• Exercise requirements
Quote word for word the lines below, beginning with the first and ending with the one that has "Madratsi ülaosas on". Drop the pictures.

--- Input material ---

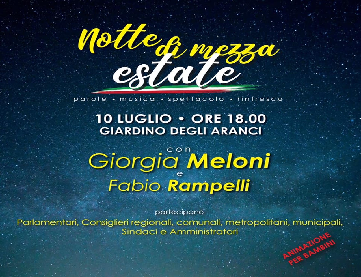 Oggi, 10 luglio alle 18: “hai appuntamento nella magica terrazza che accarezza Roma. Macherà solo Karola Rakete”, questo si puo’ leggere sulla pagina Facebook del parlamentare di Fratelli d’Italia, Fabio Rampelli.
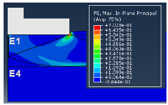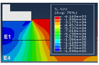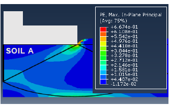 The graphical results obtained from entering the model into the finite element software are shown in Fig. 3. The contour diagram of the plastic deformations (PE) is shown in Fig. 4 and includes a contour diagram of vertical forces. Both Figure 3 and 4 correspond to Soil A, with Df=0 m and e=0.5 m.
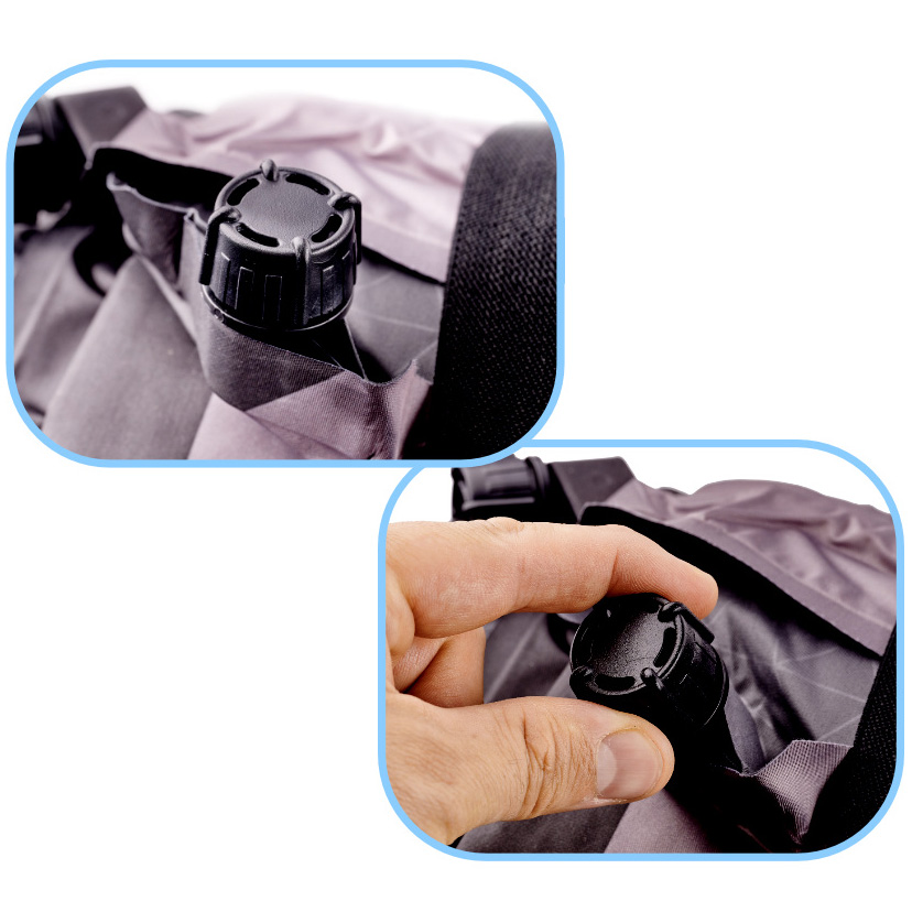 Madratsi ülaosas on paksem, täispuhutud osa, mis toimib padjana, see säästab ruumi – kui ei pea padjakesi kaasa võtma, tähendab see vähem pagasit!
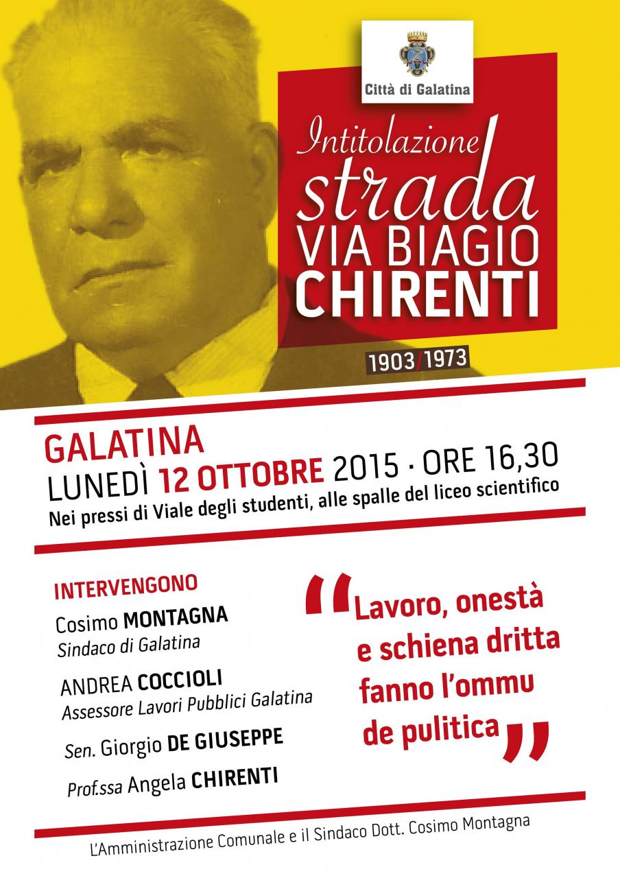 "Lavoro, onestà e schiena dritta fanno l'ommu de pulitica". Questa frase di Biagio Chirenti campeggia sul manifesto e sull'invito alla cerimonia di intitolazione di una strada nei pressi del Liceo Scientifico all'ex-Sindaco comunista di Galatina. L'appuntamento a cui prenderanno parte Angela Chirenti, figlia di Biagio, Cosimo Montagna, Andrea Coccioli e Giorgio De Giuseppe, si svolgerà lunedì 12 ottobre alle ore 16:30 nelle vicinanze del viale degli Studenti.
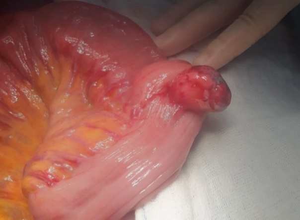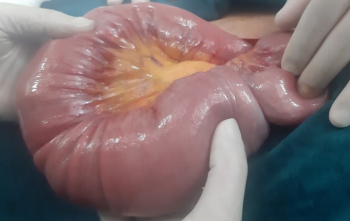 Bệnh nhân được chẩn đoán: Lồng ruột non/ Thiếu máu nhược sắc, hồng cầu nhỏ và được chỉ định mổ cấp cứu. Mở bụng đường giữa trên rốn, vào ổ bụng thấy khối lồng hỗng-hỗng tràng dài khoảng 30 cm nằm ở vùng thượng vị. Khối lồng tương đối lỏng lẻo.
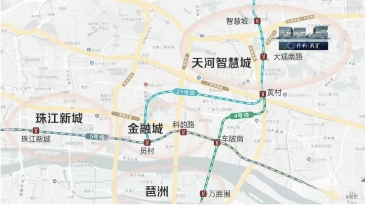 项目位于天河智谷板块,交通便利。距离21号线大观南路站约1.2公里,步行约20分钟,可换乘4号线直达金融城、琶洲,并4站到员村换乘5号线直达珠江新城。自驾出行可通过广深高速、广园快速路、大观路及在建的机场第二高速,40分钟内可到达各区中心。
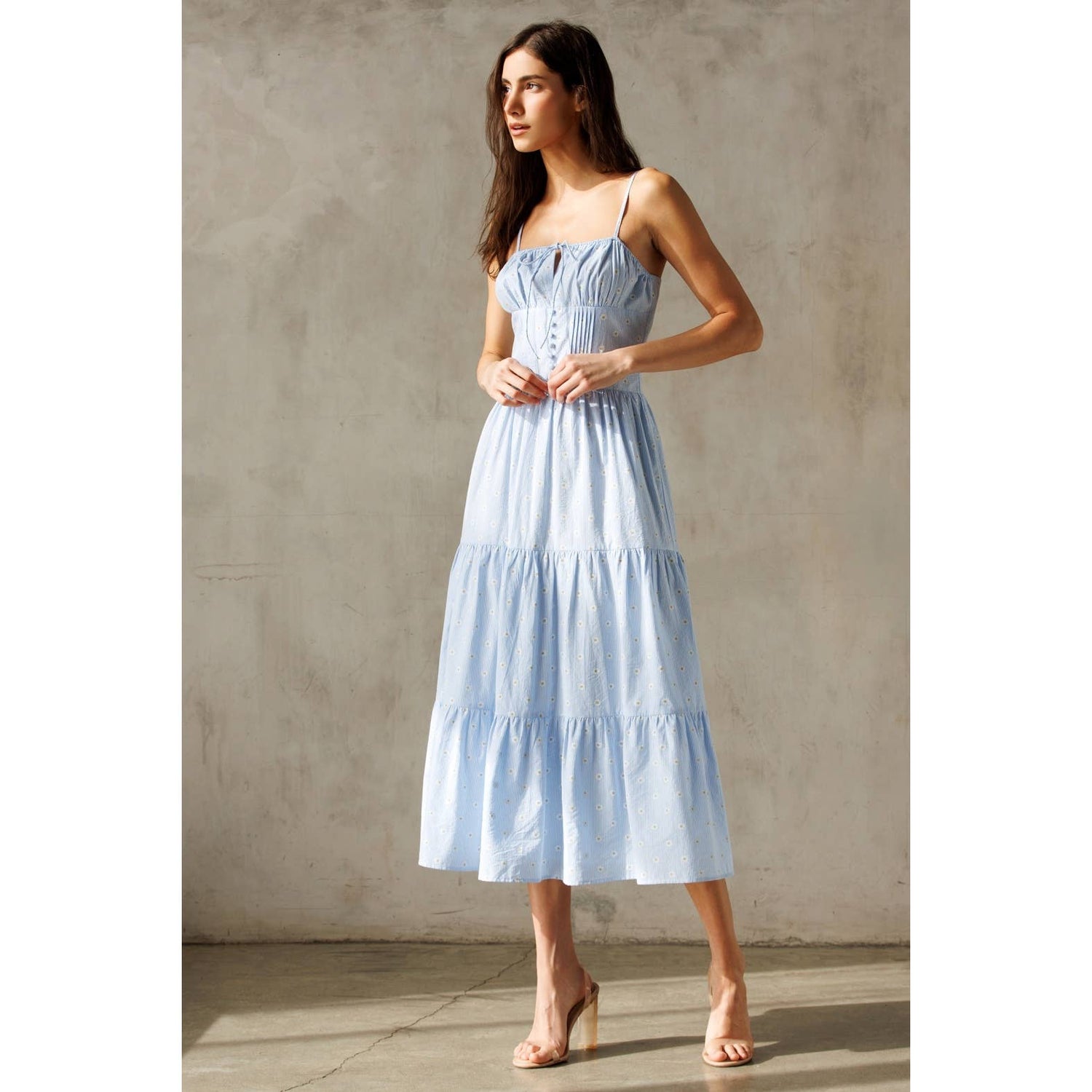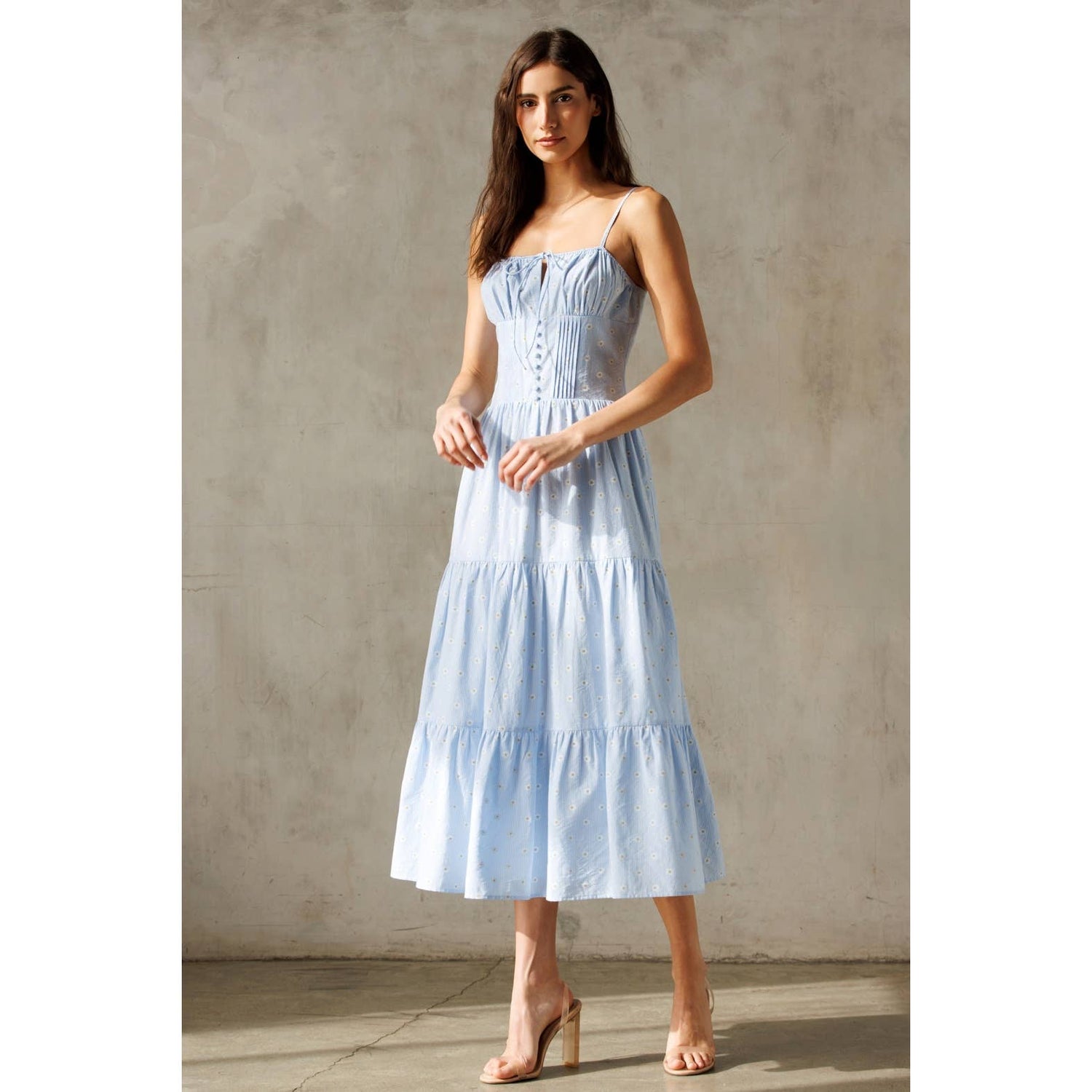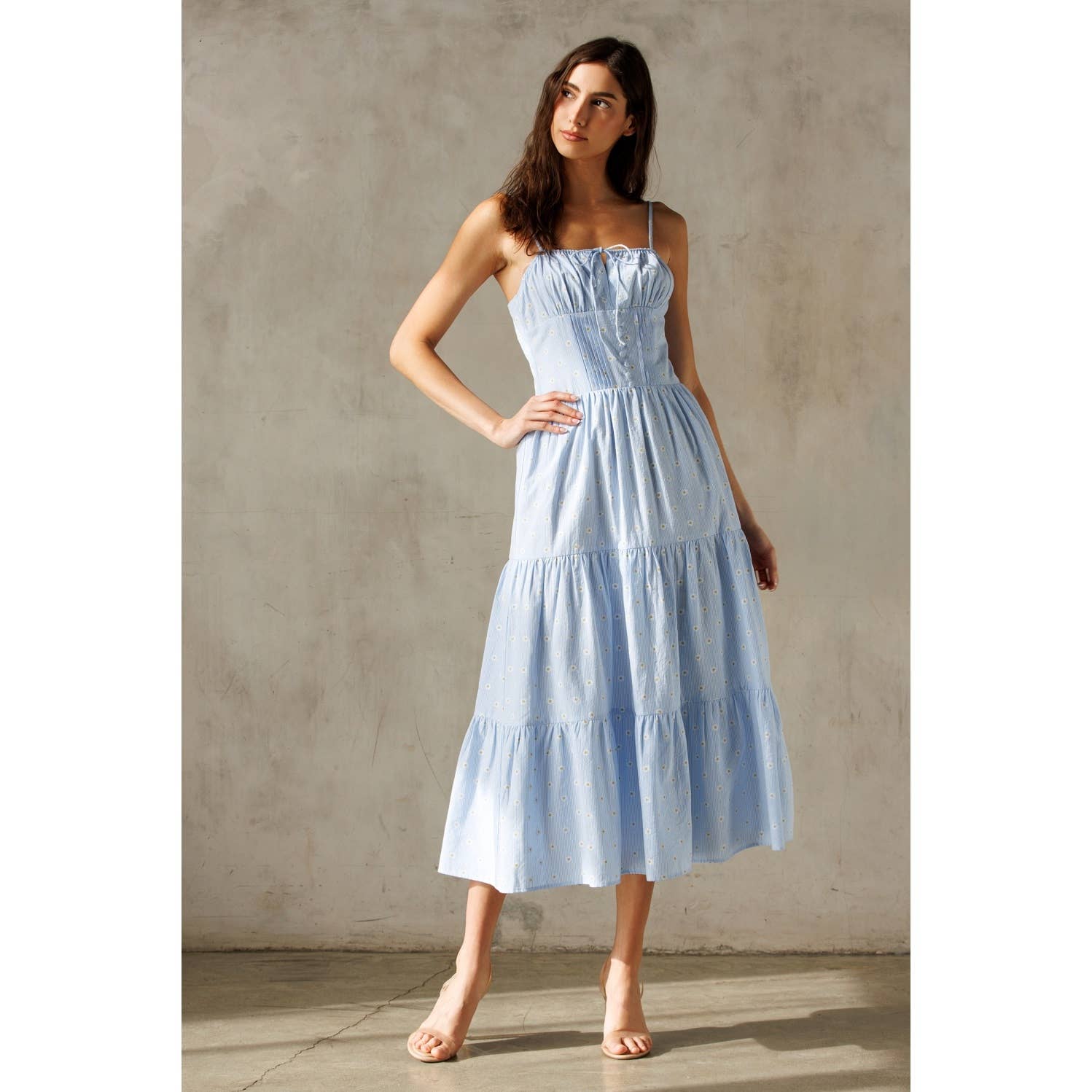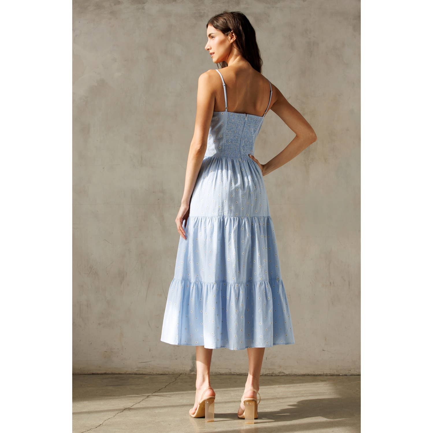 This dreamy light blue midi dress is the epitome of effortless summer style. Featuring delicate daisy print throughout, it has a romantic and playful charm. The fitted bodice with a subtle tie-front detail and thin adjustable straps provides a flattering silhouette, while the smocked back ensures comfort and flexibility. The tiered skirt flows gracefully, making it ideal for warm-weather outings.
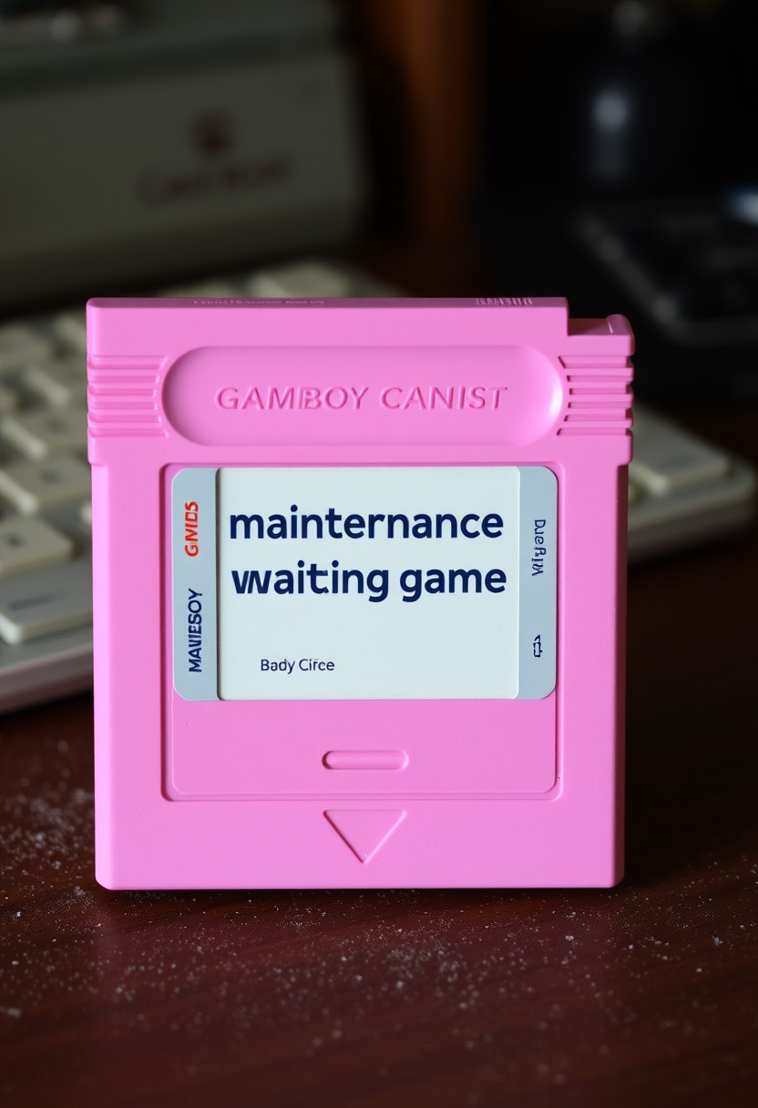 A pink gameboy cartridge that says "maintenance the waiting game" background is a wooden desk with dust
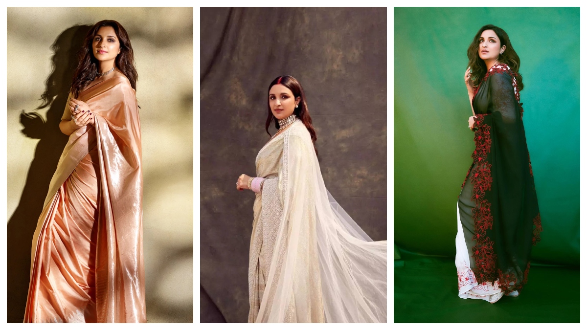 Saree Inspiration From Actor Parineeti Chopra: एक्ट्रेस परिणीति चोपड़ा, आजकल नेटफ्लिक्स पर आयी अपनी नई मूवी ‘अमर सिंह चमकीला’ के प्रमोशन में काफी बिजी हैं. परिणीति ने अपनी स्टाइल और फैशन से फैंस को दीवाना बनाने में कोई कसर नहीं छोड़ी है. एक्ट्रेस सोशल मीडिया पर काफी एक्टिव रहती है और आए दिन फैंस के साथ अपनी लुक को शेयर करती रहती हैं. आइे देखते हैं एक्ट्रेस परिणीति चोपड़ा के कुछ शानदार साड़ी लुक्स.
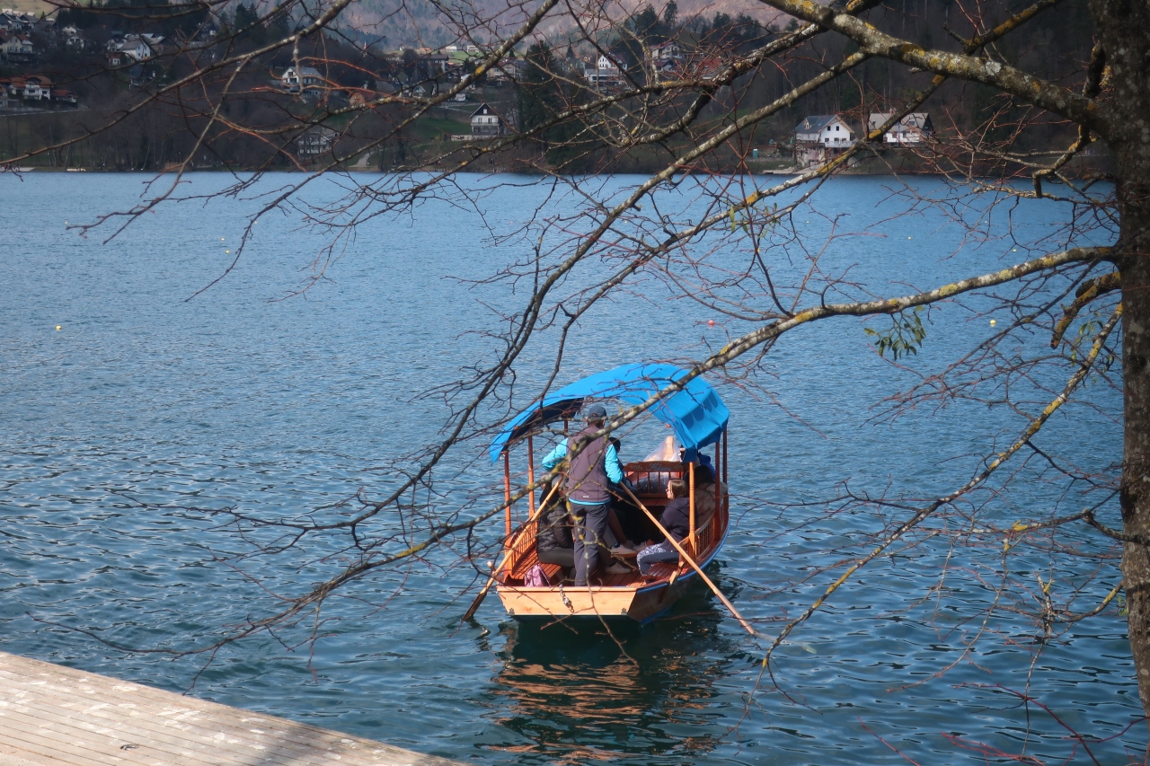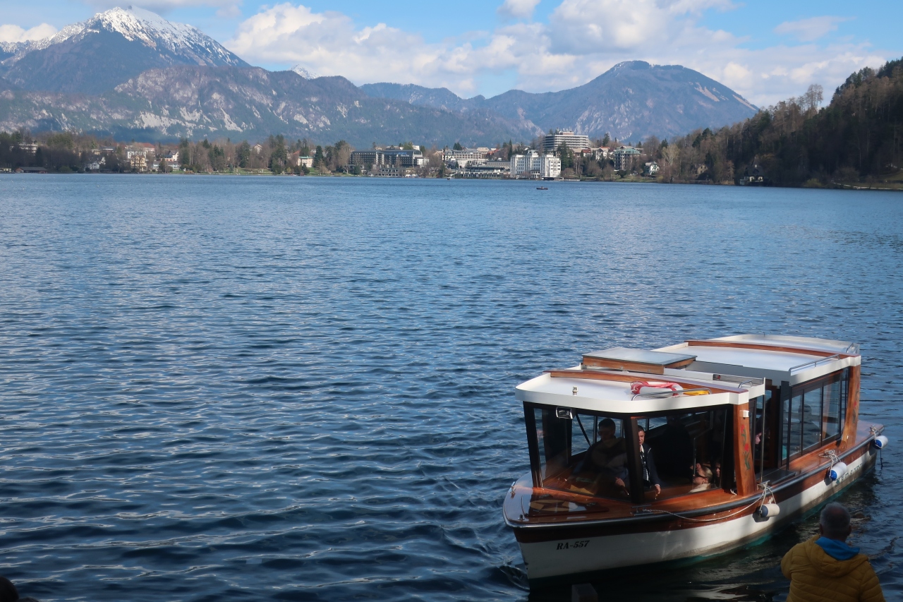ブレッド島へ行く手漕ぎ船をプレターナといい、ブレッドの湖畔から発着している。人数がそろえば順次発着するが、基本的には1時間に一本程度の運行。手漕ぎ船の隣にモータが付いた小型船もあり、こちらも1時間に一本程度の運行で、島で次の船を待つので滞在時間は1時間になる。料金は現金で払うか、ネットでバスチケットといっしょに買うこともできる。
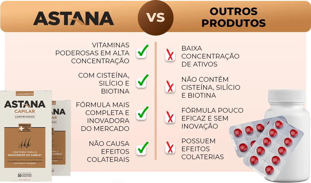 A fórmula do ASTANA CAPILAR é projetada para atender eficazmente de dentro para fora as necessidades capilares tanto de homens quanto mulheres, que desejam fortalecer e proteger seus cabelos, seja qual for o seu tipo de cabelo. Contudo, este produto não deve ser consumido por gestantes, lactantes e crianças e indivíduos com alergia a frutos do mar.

---

• Answer to this problem
 Oggi, 10 luglio alle 18: “hai appuntamento nella magica terrazza che accarezza Roma. Macherà solo Karola Rakete”, questo si puo’ leggere sulla pagina Facebook del parlamentare di Fratelli d’Italia, Fabio Rampelli.
 The graphical results obtained from entering the model into the finite element software are shown in Fig. 3. The contour diagram of the plastic deformations (PE) is shown in Fig. 4 and includes a contour diagram of vertical forces. Both Figure 3 and 4 correspond to Soil A, with Df=0 m and e=0.5 m.
 Madratsi ülaosas on paksem, täispuhutud osa, mis toimib padjana, see säästab ruumi – kui ei pea padjakesi kaasa võtma, tähendab see vähem pagasit!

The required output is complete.